Posted by: Erin Ward in Funeral Information | July 8, 2021

Most people understand the basic concept of preparing a will. Plots involving wills and inheritances inform many popular stories for audiences of all ages. Despite this, most adults don't have legal wills prepared. If you have property that you believe should go to specific people in the event of your death, it's important to create a valid final will and testament with clear instructions. It also relieves the burden of dealing with your property from your family.

What Is a Will?

A will is a legal document that details what you would like to happen to your assets after you pass away. If you have any minor children, your will also details who would care for them. Many people also use their will as a chance to unequivocally state their wishes for their body and funeral after they are gone.
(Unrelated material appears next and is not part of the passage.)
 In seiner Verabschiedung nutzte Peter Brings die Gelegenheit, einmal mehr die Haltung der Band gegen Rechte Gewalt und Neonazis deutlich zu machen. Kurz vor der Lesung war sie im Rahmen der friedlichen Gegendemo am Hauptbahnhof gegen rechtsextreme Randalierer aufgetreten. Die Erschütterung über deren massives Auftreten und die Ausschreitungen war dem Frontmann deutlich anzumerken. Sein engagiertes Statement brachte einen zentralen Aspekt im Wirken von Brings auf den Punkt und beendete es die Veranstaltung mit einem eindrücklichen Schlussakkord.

There are several types of wills, including holographic, oral, and living wills. However, the only legal will guaranteed to be recognized in court is a testamentary will. This will is written and signed in the presence of witnesses.

How Is a Will Created?

To start writing a will, write down all of your assets, including money in bank accounts, investments and cash, as well as property assets like real estate, vehicles, and other items of value. List both first and contingent beneficiaries who should inherit each of these assets.
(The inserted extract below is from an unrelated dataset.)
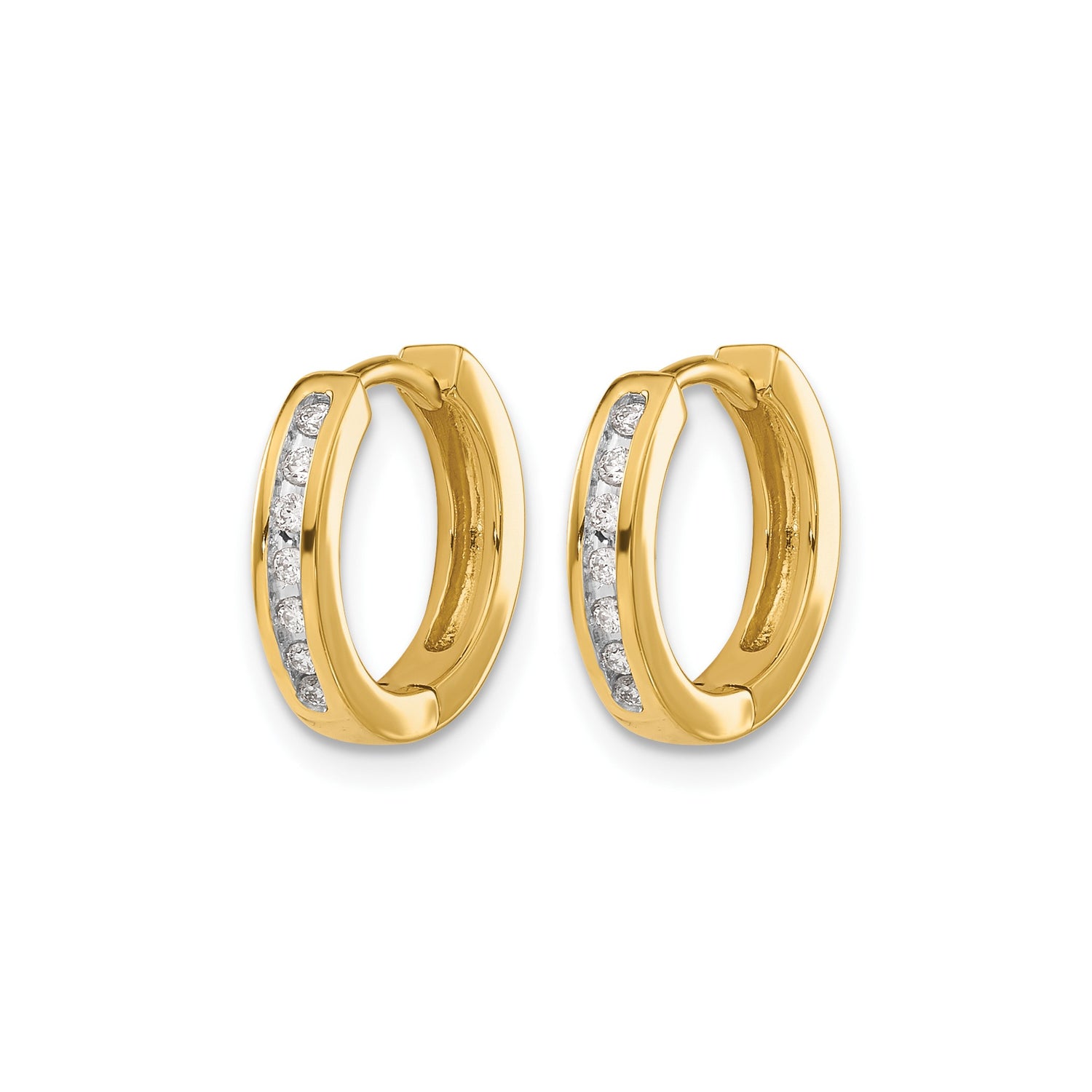 14k Yellow Gold Hoop Earrings with Channel-Set Diamonds, Polished Lightweight Design for Women

Next, choose an executor. An executor is the person who will read your will and ensure that your wishes are carried out. Then, head to an attorney's office so they can help you create your will in an appropriate format. Your will must then be signed in the presence of two witnesses.

The more assets, beneficiaries and stipulations you have in your will, the more likely it is that your executor will run up against legal complications in their administration of your wishes. Therefore, it is important to consult a lawyer who is proficient in probate law, and ensure you create a will that is watertight.

The Last Will

Locating your will isn't the only challenge your executor will have when administering your estate. As life goes on, you may have cause to create subsequent wills to account for more assets or beneficiaries. Therefore, the legal struggle isn't just whether there is a will, but also which will was the last one legally created. The executor must do their due diligence in locating the most recent will, and executing the instructions of that will faithfully.

Who Stores a Will?

Because of the importance of being able to locate the final will, it's important that you store your will in a safe location that will be accessible in the event of your death. You should alert your designated executor to the location of your final will and testament.

You can either store it with a solicitor or somewhere safe in your own home. However, avoid storing it in a bank safety deposit box. The executor will need to probate your estate in order to access your deposit box — which they can't get without the will itself. In short, your will will not be able to be accessed without taking the issue to court.

How Often Should One Update Their Will?

It is usually only necessary for a will to be updated if there is a major life event. For example, if one of your beneficiaries passes away or you have another child, you will need to alter your will. For most people, creating a will is a one-shot deal. However, changes of situation and changes of heart can be cause for a new final will.

Are Wills Really Necessary?

If you have assets to disperse, a will is definitely necessary. Those with children should also ensure that a legal will lays out their instructions for guardianship in the event of unexpected death. Wills make everything easier for your family should you pass away because your wishes are clear. There is no ambiguity about who gets what or about what your opinion would be. A will makes everything clear and legal.

After reading this article, you hopefully understand the significance of a will. If you don't have one of your own already, it might be time to start creating a legally binding final will. While it is difficult to conceive of your own death, there is peace of mind in knowing your loved ones and property will be taken care of once you are gone.